The "Kind" idea is particularly useful and cross-cutting. They're serializable -- trivially, and non-recursively, because they're a simple primitive type. And, per the guidelines of what would be useful in a polyglot world, they're also virtuous in that they're pretty much an enum, which can be represented in any language, with or without typesystem-level help.

(I also have a library which builds on this concept; more about that later.)

---

Now, some things I disagree with:

Right after describing the importance of serializable errors, Pike goes on to mention:

> we made Upspin's RPCs aware of these error types

This is a colossal mistake. Or rather, it's a perfectly reasonable thing to do when developing a single project; but it severely limits the reusability of the technique, and also limits what we can learn from it.

I'm a polyglot. I'd like to see a community -- with representatives from all languages -- focus on a simple definition of errors which can be reliably parsed and round-tripped to the wire and back in any language. For gophers, a common example should be Go and Javascript: I would like my web front-end to understand my errors completely!

I think this is eminently doable. Imagine a world where we could have the execution flow trace bounce between a whole series of microservices, losslessly! It's worth noting, however, that it would require an investment in keeping things simple; and in particular, controversially, not leaning on the language's type system too much, since it will not translate well if your program would like to interact with programs in other languages. Simplicity would be key here. Maps, arrays, and strings.

---

Lastly, I said earlier I have a library. It's true. (I have two libraries, actually; one in which I tried to use the Go type system more heavily, and included stack traces -- both of which I've come to regard as Mistakes over time and practice; I'll not speak of that one.)

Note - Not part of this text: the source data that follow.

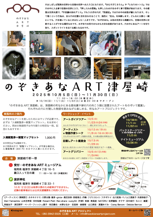 古民家が並ぶ津屋崎千軒を舞台に、町の塀や壁の穴の向こうにアートを設置しています。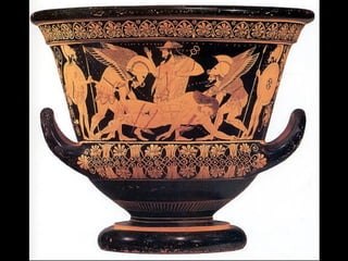 El documento resume la historia del arte griego desde el período micénico hasta el helenismo, destacando los principales períodos artísticos como el arcaico, clásico y helenístico. Explica las características de la arquitectura griega como la proporción, simplicidad y claridad, así como los tres órdenes clásicos. También describe la escultura griega idealizada y su evolución hacia una mayor expresividad en el período helenístico.
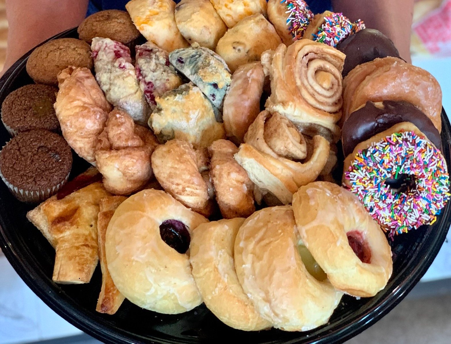 42 Pieces on an 16 inch platter with a lid.- 8 Assorted Scones (Raspberry, Blueberry, Cheese, Raisin)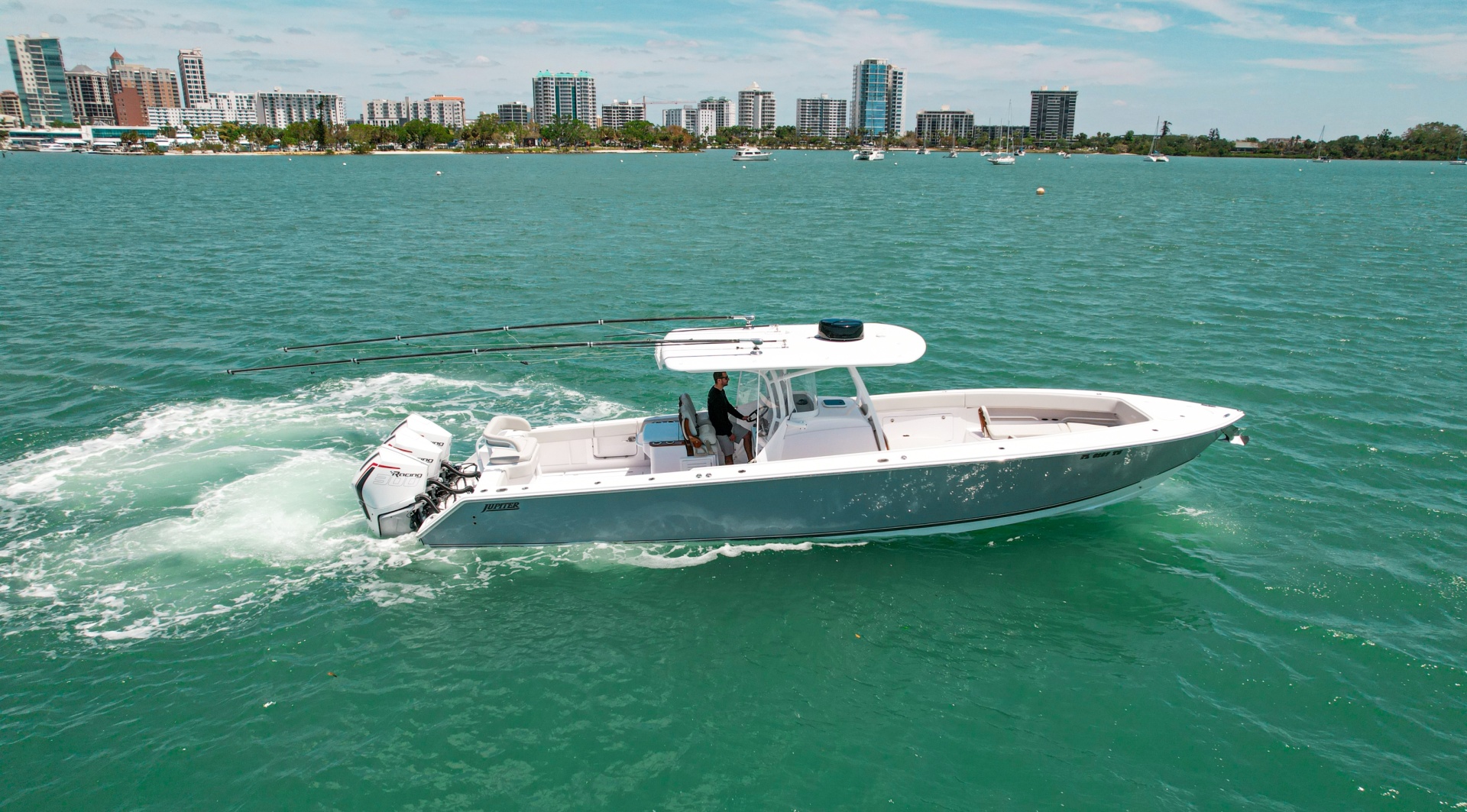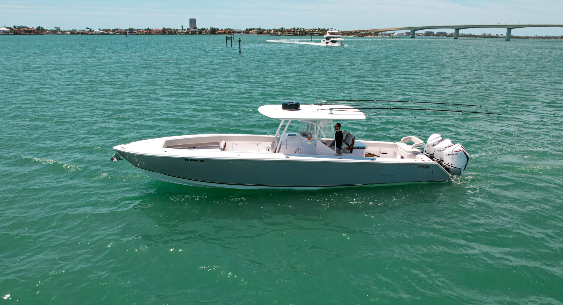 This 38 HFS was built for both the serious anglers and the family! The Jupiter 38 is above the competition with their build process using, Closed Cell PVC Foam Coring, Deck is Mechanically Fastened and Fiberglass Bonded to Hull, Fiberglass Uni-Grid Stringer System, Hand-Laid with Multidirectional Biaxial & Triaxial Knitted Fiberglass, Ceramic Poured Transom, Inner Liner Integrally Bonded to Hull, No Wood-No Rot Laminated Design, Posi-Sternâ„¢ Hull Pad Design, Vinylester Resin Barrier to Prevent Osmotic Blistering, with a Solid Fiberglass Bottom give the Jupiter its solid reputation for being an extreme contender in the elite performance center console market and why owners continue to build with Jupiter!

Gophers might be interested in this, but also I'd love commentary from folk of other language backgrounds:

https://godoc.org/github.com/polydawn/go-errcat

This library is an experiment, but using it in several projects has been very pleasing so far. It has many of the same ideas as in this blog, particularly "categories" (which are a clear equivalent of "kinds" -- what's in a name?). Some ideas are taken slightly farther: namely, there is one schema for serializing these errors, and it very clearly coerces things into string types early in the program: the intention of this is to make sure your program logic has exactly as much information available to it as another program will if deserializing this error later; any more information being available in the original process would be a form of moral hazard, tempting you to write logic which would be impossible to replicate in external process.

The main experiment I have in mind with this library is what's the appropriate scope for a kind/category? Does it map cleanly to packages? Whole programs? Something else entirely?

Shoothe · on Dec 7, 2017

Oh, it looks more and more like regular exceptions (nested errors, details, kinds).

dullgiulio · on Dec 7, 2017

But this has never been where Go tries to be different from exceptions.

The only difference is explicit vs implicit (or at most, annotated methods in a class, but that doesn't say where each exception could happen.)

Annotating Go errors has always been suggested. Others have done a very good job for nested errors (Dave Cheney in particular.)

As Go doesn't have inheritance and errors are just values, you could always do what is suggested here. Just make sure to implement the one function Error interface.

As the article says, it takes one afternoon of work and you have error handling tailor made for your project.

perfmode · on Dec 7, 2017

Except for control flow, which is my biggest gripe with exceptions.